Ademais, o surgimento de novos produtos deve estimular a inovação e uma maior competição entre as operadoras – em especial, nas regiões onde a cobertura e os serviços não são eficientes e acessíveis o suficiente.

Os desafios do sandbox na saúde

Embora as possibilidades e regras estejam começando a ganhar forma, ainda existem desafios.

Na visão de Scarabel, “a possibilidade de portabilidade dos beneficiários para o novo plano pode estimular a saída dos planos empresariais, com forte redução de receitas para os prestadores (como hospitais e clínicas) e fornecedores (como farmacêuticas e a indústria de dispositivos médicos)”, aponta o especialista.

Entre outros riscos, os limites de cobertura podem causar confusão, insatisfação e até aumento da judicialização do setor, a depender da forma como ocorrer a comercialização. Nesse sentido, o novo modelo de plano de saúde exclui assistências nas áreas de oncologia, diálise e TEA (Transtorno do Espectro Autista). Entretanto, é visto como uma opção melhor do que os cartões de desconto e os exames ofertados no SUS (Sistema Único de Saúde).

Ademais, há ainda uma ressalva quanto aos planos coletivos, visto que “a exigência de que os planos sejam coletivos por adesão pode dificultar a contratação para indivíduos que não fazem parte de entidades de classe ou associações. Nesse ponto, a proposta não ataca a causa indicada da barreira à comercialização”, diz Rogério Scarabel. 

Por fim, para que os objetivos do ambiente regulatório experimental sejam alcançados, a expectativa é que a ANS fortaleça ainda mais a regulamentação, além de acompanhar de perto os resultados e estar preparada para realizar ajustes conforme novas necessidades surgirem. Tudo isso deve ser feito com a ajuda de consultas e audiências públicas.

“Os documentos ainda não foram disponibilizados, mas é certo que o sucesso do sandbox dependerá de uma regulamentação clara e de uma análise criteriosa dos resultados após o período de teste. Se bem implementada, a proposta pode trazer benefícios significativos ao mercado, democratizando o acesso aos planos de saúde e promovendo um modelo mais sustentável”, concluiu o advogado. 

Uma consulta pública sobre o tema estará aberta do dia 18/02 a 04/04 e uma audiência pública também abordará tais tópicos, no dia 25/02.

Mas de onde surgiu o sandbox regulatório?

Ideias disruptivas são tentadoras. No entanto, quando se trata de saúde e dinheiro, é necessário cautela. Afinal, será que todas as inovações são, de fato, boas? Será que elas sempre se convertem em melhores resultados clínicos para os pacientes?

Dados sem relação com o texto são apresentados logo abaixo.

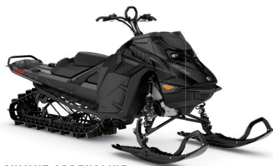
SUMMIT ADRENALINE AVEC ENSEMBLE EDGE 154 850 E-TEC MONTRÉ

Cet ensemble haut de gamme est offert en saison, entièrement équipé de caractéristiques techniques éprouvées.

Elas realmente ajudam operadoras e prestadoras de serviço a reduzir seus custos ou otimizam processos burocráticos?

A necessidade de responder a tais perguntas deu vida ao sandbox regulatório – ou simplesmente ambiente regulatório experimental, em português. Utilizado em diversos setores, como tecnologia da informação, transportes, finanças e saúde, essa ‘caixa de areia’ se refere a um ambiente seguro e afastado das regras vigentes, condições que permitem testar e validar projetos de alta complexidade.

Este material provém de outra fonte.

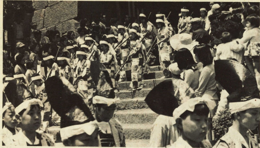
少年少女隊は人気のま
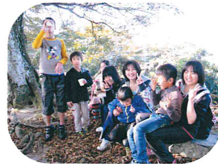
城山 頂上でひとやすみ
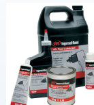
Schmiermittel Das Gesamtsortiment finden Sie in unserem Zubehörcatalog.

Sandbox é a palavra em inglês que traduz “caixa de areia” e remete à ideia de crianças brincando em um ambiente supervisionado e controlado, no qual é possível experimentar diferentes formas de recreação.

Desenvolvido no Reino Unido, em 2016, os ambientes regulatórios experimentais foram, a princípio, estruturados para atender às demandas das fintechs, que precisavam validar novas tecnologias financeiras. Desde então, diversos países seguiram o exemplo: Brasil, Canadá, Cingapura, Austrália e Estados Unidos são alguns deles.

Em 2020, um relatório do World Bank Group indicava que 57 países já tinham aderido ao modelo, levando à existência de 73 projetos regulatórios experimentais ao redor do mundo naquele período.

Logo, de lá para cá, várias “caixas de areia” já foram estruturadas para validar inovações. Mesmo assim, no setor de saúde brasileiro, os espaços para experimentação ainda estão mais no campo das ideias do que no mundo real. Com as últimas movimentações da ANS, os ambientes regulatórios experimentais na saúde começam a ganhar condições seguras, o que ajudará a consolidar esses ambientes.